Let $\frac{\partial^2}{\partial x^2}$ be the Laplacian operator on $\mathbb R$ and denoted by $R(\lambda,t)$ its resolvent kernel. I would like to know the exact expression of $R(\lambda,t)$.
Is $R(\lambda,t)= -\frac{1}{2i\lambda} e^{i t \lambda}$ or $R(\lambda,t)= \frac{1}{2i\lambda} e^{i t \lambda}$ or $R(\lambda,t) = \frac{1}{2\lambda} e^{-t \lambda}$ ?
Thank you in advance
Assuming the underlying space in $L^2(\mathbb{R})$, the resolvent is $R(\lambda)f=(\frac{d^2}{dx^2}-\lambda I)^{-1}$, which means that, given $f\in L^2$, the function $g=R(\lambda)f$ is the unique solution of $$ g''-\lambda g = f,\;\;\; g,g'\in L^2. $$ You can construct the resolvent by solving for $h\in L^2$ such that $$ h''(t)-\lambda h(t) = \delta_{x}(t). $$ That means $h''-\lambda h=0$ for $t < x$ and for $t > x$. The function $h$ must be continuous at $t=x$, but a jump discontinuity in the derivative of $h$ of $+1$ at $t=x$ is required for the $\delta_{x}$ behavior.
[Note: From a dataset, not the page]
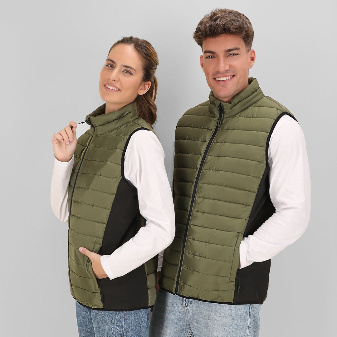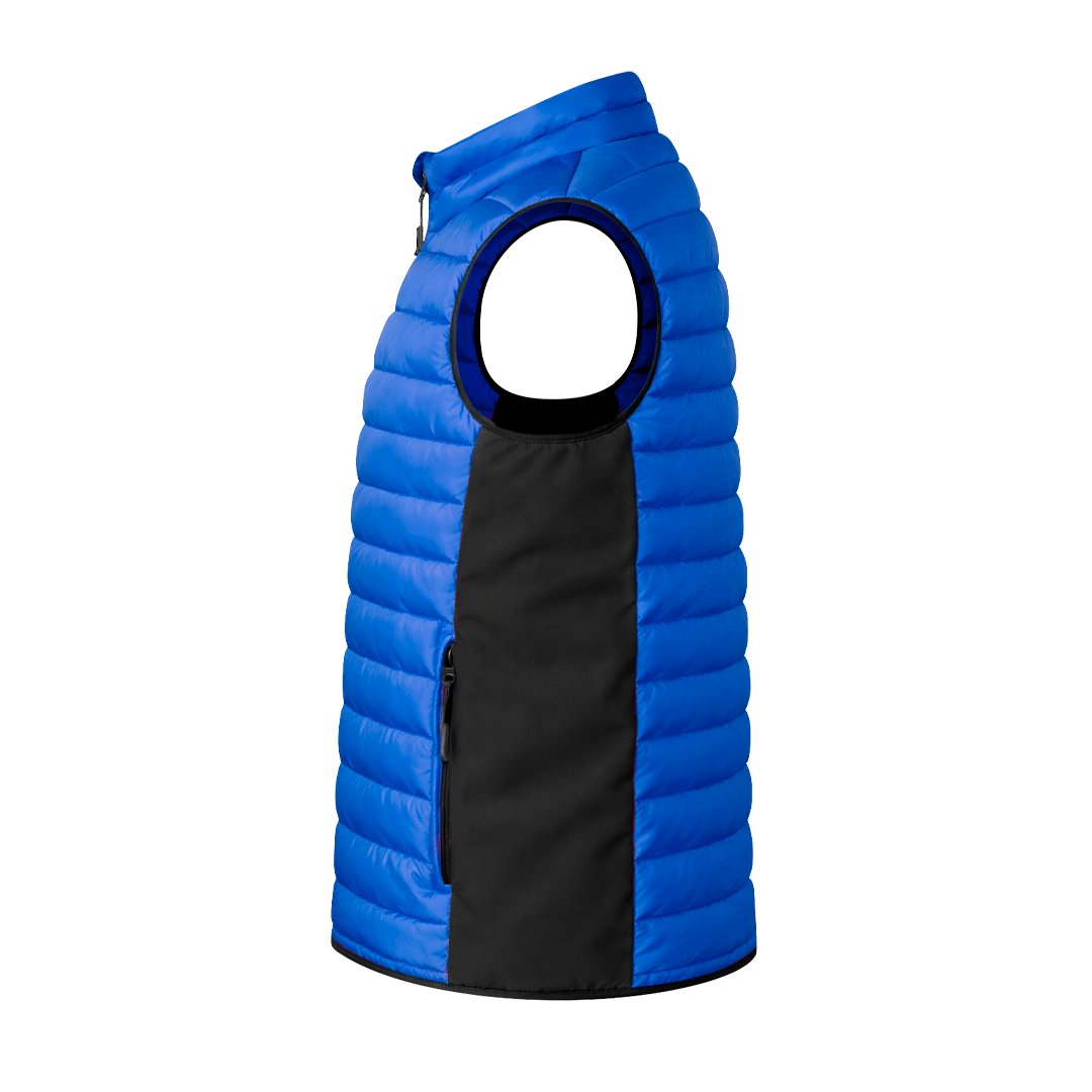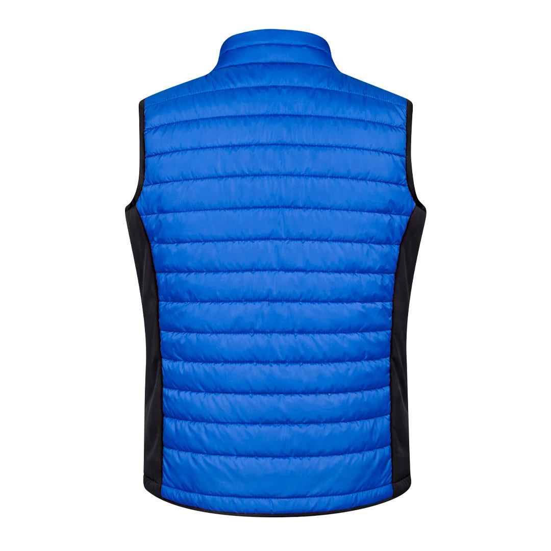 Chaleco resistente al viento y al agua, en cálida combinación de materiales soft shell y poliéster, con interior acolchado. De elegante construcción y en variada gama de colores, con detalles y laterales en negro. Cierre de cremallera y bolsillos laterales de cremallera, con tiradores para fácil apertura. Disponible en tallas S, M, L, XL, XXL.

And $h$ must be chosen to decay as $t\rightarrow\pm\infty$. Using a branch cut for $\sqrt{\lambda}$ on the negative real axis, gives $\Re\lambda > 0$ for $\lambda\notin(-\infty,0]$. Then the square integrability condition gives $$ h_x(t) =\left\{\begin{array}{ll} Ce^{\sqrt{\lambda}(t-x)}, & t < x \\ Ce^{-\sqrt{\lambda}(t-x)}, & t > x. \end{array}\right. $$ The constant $C$ must be chosen so that $$ 1=h_{x}'(x+0)-h_{x}'(x-0)=-C\sqrt{\lambda}-C\sqrt{\lambda} \\ C = -2/\sqrt{\lambda} $$ The solution $g=R(\lambda)f$ is $$ R(\lambda)f = \int_{-\infty}^{\infty}h_{x}(t)f(t)dt \\ (R(\lambda)f)(x) = -\frac{2e^{-\sqrt{\lambda}x}}{\sqrt{\lambda}}\int_{-\infty}^{x}e^{\sqrt{\lambda}t}f(t)dt-\frac{2e^{\sqrt{\lambda}x}}{\sqrt{\lambda}}\int_{x}^{\infty}e^{\sqrt{-\lambda}t}f(t)dt. $$ Unless I messed up a sign, you can directly verify that $$ (R(\lambda)f)''-\lambda R(\lambda)f = f. $$ The singularities of the resolvent lie on the negative real axis, where the branch cut of $\sqrt{\lambda}$ is found. This is expected because $\frac{d^2}{dx^2}$ is a negative operator, while $-\frac{d^2}{dx^2}$ is positive.